Thursday, March 3, 2011
February Recap
After last Friday's workout, I weighed 348 pounds, the same as the previous week's end but down 18 pounds since January. Given that I missed a workout due to work travel and didn't eat particularly well on the road, no gain or loss is about what I'd expect.
You can see the results from my February 25 post-test below. SIU had an off week this week, but Ryan and Danny – from the Whitfield camp – are holding a mini-camp so we don't get fat and lazy. Next week regular camp starts up again so I'm sure we'll pre-test, and I'd guess we'll be outside and swap the mile for the 55s.
Exercise | January 31 | Goal | February 25 | % Change |
Fifty-Fives (55s) | 11.5 | 13 | 13 | +13% |
Regular Pushups | 35 | 40 | 35 | 0% |
Assisted Pushups | 10 | 10 | 5 | -50% |
Regular Dips | 23 | 30 | 19 | -17% |
Assisted Dips | 10 | 10 | 8 | -20% |
Sit Ups (in 1 minute) | 17 | 20 | 26 | +53% |
Planks to failure | 1:04 | 1:15 | 1:50 | +72% |
While I didn't meet my goals for strength, I blew my fitness goals out of the water.

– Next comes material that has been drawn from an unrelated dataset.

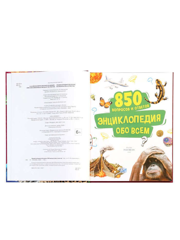 Энциклопедия обо всем в твёрдом переплёте «850 вопросов и ответов», 120 стр.
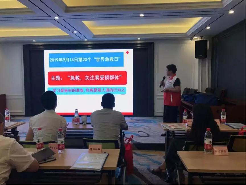世界急救日期间,安吉县红十字会应急救护活动走进县工商联八届六次常委会,组织县工商联领导机关,开发区、乡镇(街道)商会秘书长学习心肺复苏、气道异物梗阻等应急救护知识。

My endurance and core strength skyrocketed. Man, I was rocking it to get 13 laps on the 55s. I am not sure how much more room those have to go up before I plateau due to just not being fast enough. I had a sneaking suspicion that sit-ups and planks were going to go up, but I didn't expect that much! Feels great seeing tangible results like that.
I'll have a post after tomorrow's workout about the mini-camp's agony and ecstasy. Agony seems to be winning at the moment.